This article is from the National Audubon Society
Puffin project website.
(My comments are inserted in the body of the
article)
Common Murres Nest at Matinicus Rock!
Discovery
Result of (really?)
Audubon’s 17-year Effort to Restore the Penguin-like
Seabird to Maine Coastal Islands
For the
first time in more than a century, a Common Murre (Uria aalge) egg
has been discovered south of the Canadian border, boosting hope for the success
of valiant (?) efforts to restore
the species. The rare egg was discovered by an intern working for Audubon’s
Seabird Restoration program on Matinicus Rock, one of 50 islands in Maine
Coastal Islands National Wildlife Refuge.
"We are
absolutely elated. This is a small egg, but with a big promise," said Dr. Stephen Kress, director of the Seabird Restoration
Program."We have high hopes for the successful hatching and fledging of
this egg, and for greater numbers of murres in years to come."
The egg
marks the first time since 1883 that the species, which spends most of its life
at sea, has nested south of the Canadian border on the U.S. east coast.
(This
would have been a good time to describe the regional murre population and its
recent history you could say something like “the first 20th century record of this species breeding
in the Gulf of Maine was in 1973, the population has been growing from about 50
pairs in 1981 to in the order of 1500 individuals by 2012, who breed on crowded
ledges about 100 miles east of Matinicus Rock at Machias Seal and Yellow Murre
ledge”.
The
rhetoric used appears to be deliberately misleading apparently chosen to
maximize the appearance of accomplishment rather than to educate.)
It was
discovered on a rocky cliff by intern Maria Cunha, after she noticed a pair of
murres in typical incubating posture. The nest was surrounded by about 50 murre
decoys, and artificial eggs, and close to a sound system that emits murre calls
to encourage the long-absent birds to establish new nests. (As if the urge to
breed was somehow latent in this population, also Murre don’t have nests)
While
widespread on the Pacific coast from Alaska to California, and breeders in
Canada’s Maritime Provinces,
Common
Murres were eliminated from their Maine breeding sites in the 1800s by people
hunting the birds for food. Collecting of eggs—a popular pursuit at the
time—may also have contributed to the disappearance.
(another
good chance to mention the swelling murre population in the Gulf of Maine)
Common
Murres are especially vulnerable to oil spills and predation, so new colonies
within their historic range offer the best assurance for their survival. (Is there any
threat to the survival of this species? you could just say something like.. Its
nice to have them in the region again) Audubon and
partners from the Maine Coastal Islands National Wildlife Refuge have spent 17
years trying to bring the Common Murres back to the islands. (after a decade
of which murre chose to established breeding on Machias Seal island instead (100
miles East of Matinicus Rock 2.5 hours by Murre), where there was no “murre
attraction effort”. What was that
the result of? Discussion on the subject absent this reality is not a serious
evaluation of the use of social attraction in this case.
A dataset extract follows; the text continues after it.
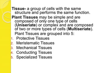 The document provides a comprehensive overview of plant tissues, categorizing them into five types: protective, meristematic, mechanical, conducting, and specialized tissues. It details the various functions and characteristics of these tissues, as well as their roles in plant anatomy, including root, stem, and leaf morphology. Additionally, it discusses modifications in roots and stems for storage, support, and reproduction.

Skeptics might be inclined to see the
murres choice of Machias Seal as pretty good evidence that the social
attraction effort was irrelevant. There is also a growing population of well over
a thousand Razorbills, a very similar species, who attend Matinicus rock, ~400
breeding pairs.
Which has been more important for
attracting murre to this site, hundreds of very similar birds commuting many
miles between feeding grounds and the Island or a bunch of plastic decoys that
you have to be within 100m of to see?)
Regardless
of the fate of this specific egg, its presence signals a success story in the
making. (clearly the author ? knew the egg was consumed by a
predator. The murre distraction
equipment was set up on a site chosen by people, it was out in the open, the
successful murres on Machias Seal have laid their eggs under boulders where
they have shelter from gulls. By distracting the murre to this human chosen open
vulnerable place, away from where their instincts, geography and their little
feet would have taken them, it seems as likely that the “murre attraction
effort” delayed the successful re-colonization of this site as it is that it
accelerated the process.)
"Each
new colony offers another margin of safety for Common Murres and other
seabirds," said Kress. "The return
of the Common Murre to its long-lost nesting grounds shows that conservation
works – even against great odds."
(Against great odds? The continued
expansion of this species was predictable considering the swelling population
at crowded colonies on small islands not far to the east. In this sense
conservation means only not rowing out to yellow murre ledge and collecting all
the murre eggs every year)
Common Murres are not the first seabird species that Kress
and his team (this article is on the puffin project website, written by Kress
or “his team”) have helped restore to Maine. (never miss a chance
to reinforce the myth that there were no Puffin in the Gulf of Maine in
1975, (there were 1,000 pairs, capable of producing in
the order of 10,000 new Puffins during the 15 years during which the NAS
valiantly added about 70, At the cost of over 1,600 others.)
Pioneering
the use of decoys (this is an
appropriate time to acknowledge that Richard Pough and colleagues used decoys
when trying to re-establish terns to Great Gull Island in Long Island Sound
during the late 1940s)
and sounds now employed to attract the Murres,
The team began working to attract Atlantic Puffins to the
Maine coastal islands in 1973; four breeding pairs nested at Eastern Egg Rock
in 1981, after an absence of nearly a century. Today, Project Puffin protects
more than 42,000 of Maine’s rarest
seabirds on thirteen islands. (“rarest”
implies some scale of rareness to help establish conservation priorities, the
track record indicates otherwise, and if there are 42,000 of them what is so
rare about that)
Their
techniques (Eliminating predatory gulls from nesting sites) have also helped establish 12 new tern colonies in Maine and
are proving useful for helping endangered seabirds in California, the Galapagos
Islands of Ecuador, and Japan. At least 40 seabird species in 12 countries have
benefited from seabird restoration techniques developed by Audubon.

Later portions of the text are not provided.